Without going into a lot of very sad and painful details, she got continuosly worse every day.  She talked a little bit when we first arrived on Friday, and by Sunday she couldn't talk at all.  The diloted (pain medicine) was steadily increased until it was changed to a morphine drip by Tuesday morning.  Bob stayed by her side from about 6:30 in the mornings until late in the evenings, taking small breaks to eat or go back to his sister Debbie's house close by for a nap.  That Tuesday he had just left her side at 5:00 pm to come back to the house to get something to eat and just as he was leaving to go back up to the hospital at 6:25, his brother called to say she had passed away.  With seven children, there was always at least a son, daughter, daughter in law, son in law, boyfriend of a daughter, granddaughter or grandson by her side.  Millie had eight children but Bob's brother's twin passed away 10 years ago today.  Needless to say, that is also weighing heavy on the familie's minds right now.  Millie also had four brothers and sisters that visited in and out and she had a boyfriend of 38 years, ever since she and Bob's dad divorced.  Larry spent the night with her each night she was in hospice, except for the night he showed up drunk and Bob's sister, Brenda, took him home with her.  Larry is one year older than Bob.
You're probably starting to get the whole background picture now.  There was total chaos and uphevel going on behind the scenes for this whole week.  This is too much to go into right now.  These stories could take at least one other post.

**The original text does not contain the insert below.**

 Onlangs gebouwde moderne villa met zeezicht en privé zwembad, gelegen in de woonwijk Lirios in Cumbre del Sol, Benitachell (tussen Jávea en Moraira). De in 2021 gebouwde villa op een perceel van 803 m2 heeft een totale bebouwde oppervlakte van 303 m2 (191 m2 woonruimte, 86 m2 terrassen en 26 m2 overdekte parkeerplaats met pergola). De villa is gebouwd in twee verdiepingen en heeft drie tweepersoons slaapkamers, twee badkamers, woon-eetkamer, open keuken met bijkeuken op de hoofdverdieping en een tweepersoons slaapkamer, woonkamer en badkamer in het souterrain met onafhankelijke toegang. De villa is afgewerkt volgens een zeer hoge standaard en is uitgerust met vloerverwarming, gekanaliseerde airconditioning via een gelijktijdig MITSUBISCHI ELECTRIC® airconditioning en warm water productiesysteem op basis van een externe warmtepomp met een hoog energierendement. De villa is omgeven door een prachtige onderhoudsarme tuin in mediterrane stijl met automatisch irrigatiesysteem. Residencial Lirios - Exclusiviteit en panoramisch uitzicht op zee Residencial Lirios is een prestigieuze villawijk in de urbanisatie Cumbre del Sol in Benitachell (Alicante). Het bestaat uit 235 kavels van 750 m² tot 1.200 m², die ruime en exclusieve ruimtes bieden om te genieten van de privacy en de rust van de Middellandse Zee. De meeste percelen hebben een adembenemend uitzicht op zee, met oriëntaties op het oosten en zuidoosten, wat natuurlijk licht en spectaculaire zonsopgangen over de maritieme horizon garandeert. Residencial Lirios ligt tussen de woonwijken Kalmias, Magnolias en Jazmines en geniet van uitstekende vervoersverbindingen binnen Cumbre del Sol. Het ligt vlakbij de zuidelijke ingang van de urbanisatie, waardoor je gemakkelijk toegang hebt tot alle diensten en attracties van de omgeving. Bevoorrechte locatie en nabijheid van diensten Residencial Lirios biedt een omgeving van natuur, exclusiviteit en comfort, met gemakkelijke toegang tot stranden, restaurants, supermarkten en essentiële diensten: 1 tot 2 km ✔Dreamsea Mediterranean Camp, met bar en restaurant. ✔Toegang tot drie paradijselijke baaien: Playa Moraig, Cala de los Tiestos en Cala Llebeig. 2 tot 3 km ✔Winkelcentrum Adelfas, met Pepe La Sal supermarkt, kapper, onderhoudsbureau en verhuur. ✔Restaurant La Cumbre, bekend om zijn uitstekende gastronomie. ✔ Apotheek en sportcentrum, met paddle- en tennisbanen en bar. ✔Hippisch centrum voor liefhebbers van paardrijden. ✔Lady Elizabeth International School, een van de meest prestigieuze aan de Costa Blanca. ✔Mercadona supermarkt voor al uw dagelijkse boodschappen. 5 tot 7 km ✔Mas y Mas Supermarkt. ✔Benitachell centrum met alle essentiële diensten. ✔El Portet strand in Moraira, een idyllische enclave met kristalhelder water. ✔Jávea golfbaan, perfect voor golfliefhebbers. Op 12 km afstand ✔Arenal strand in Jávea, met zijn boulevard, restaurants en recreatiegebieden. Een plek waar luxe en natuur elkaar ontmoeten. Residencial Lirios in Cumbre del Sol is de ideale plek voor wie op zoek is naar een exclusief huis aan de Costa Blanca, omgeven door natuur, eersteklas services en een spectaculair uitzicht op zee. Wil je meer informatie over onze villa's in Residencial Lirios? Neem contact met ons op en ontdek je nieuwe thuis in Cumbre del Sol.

Bob and Debbie made all the funeral arrangements the following morning and they did a beautiful job.  The funeral was Friday from 11:00 to 3:30 and everything went well and it was a well attended (family alone was a large crowd) funeral. 
We headed home directly from the cemetary.  Bob's job was done and done well.  He was there for his mother and it was comforting to stay with Debbie and her husband.  The behind the scenes turmoil was just too much to take.  We couldn't wait to get back home and try to calm back down into our comparatively good life. 
We now smile when we think of good times with Millie, the vacations that we took her on with us, and how she made us laugh.  We are trying to get the images of the last 5 days of her life out of our mind.  We don't want to remember her that way.  We are so glad she is no longer in pain and in a much better place.